Хотя вопрос был задан вовсе не «кстати», Жмакин солидно ответил:
– Вор.
– Нервное дело?
– Работенка, конечно, пыльная.
– Хорошо бы переквалифицироваться, – посоветовал доктор. – С вашими нервами долго не протянешь.
– Мы в тюрьме отдыхаем, – сказал Жмакин. – Наше нервное дело имеет отпуск.
– И это верно…
Часа через два они встретились в парке. Лаптев уютно грелся на весеннем, уже припекающем солнышке, Жмакин подсел к нему на широкую, со спинкой, садовую скамью. Где-то высоко в ветвях еще голых старых берез суетливо орали вороны. За высокой кирпичной стеной скрежетали на закруглении трамваи, перекликались разноголосые автомобильные гудки.
– Стена-то у вас ничего себе, солидная! – сказал Жмакин. – Но уйти все-таки не так уж трудно.
– Для здорового легко, для больного не слишком.
– А я вот, например, мог бы уйти? – дипломатично осведомился Жмакин.
Доктор не задумываясь ответил:
– Разумеется. Как и всякий здоровый человек.
– Так зачем же вы меня здесь держите?
– Во всяком случае вы тут не как душевнобольной…
– А как кто?
– Просто нервы у вас издерганы.
– От нервов санатории бывают, а не сумасшедшие дома.

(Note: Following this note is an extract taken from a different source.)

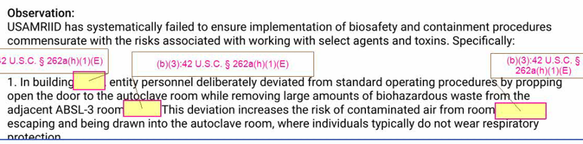 此前,德里特里克堡处理实验室废水的蒸汽消毒厂,因暴风雨而损毁。随后,该基地使用了新的去污系统来取代蒸汽消毒厂。但是,疾控中心在2019年7月的检查中发现,陆军传染病医学研究院没有执行新的消毒程序,新系统出现了机械问题和泄漏。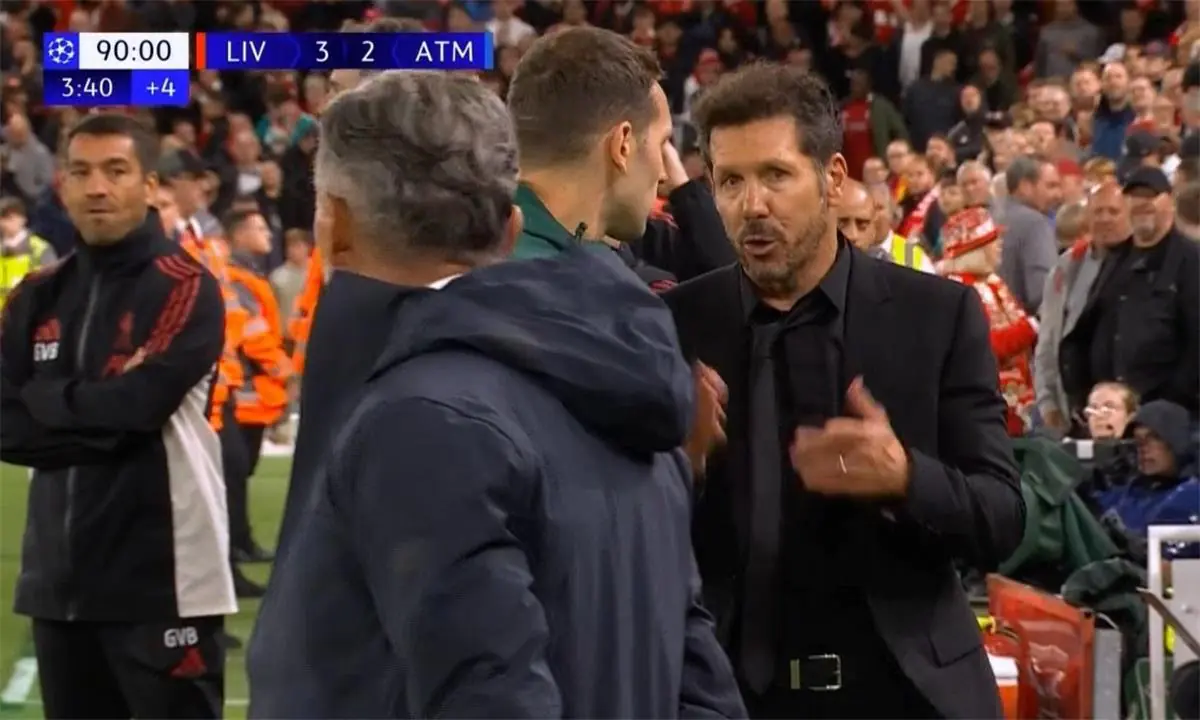 ووفقًا لصحيفة ماركا الإسبانية، فقد أشعل هدف فان دايك الأجواء داخل الملعب، حيث دخل سيميوني في مشادة حادة مع بعض الجماهير.

– Здесь не сумасшедший дом, кстати, а клиника для душевнобольных, – ответил Лаптев. – Что же касается до санатория, то я думаю, что мы вас туда и направим в ближайшее время.
– Я, между прочим, не член профсоюза, – усмехнулся Жмакин. – Так что через что мне путевку выписывать – убей бог, не знаю…
Доктор промолчал, послушал, как орут вороны. К ним осторожно, кланяясь и улыбаясь, волоча ноги и даже приседая, подошел седенький музыкант Подсоскин, автор всего написанного композитором Чайковским.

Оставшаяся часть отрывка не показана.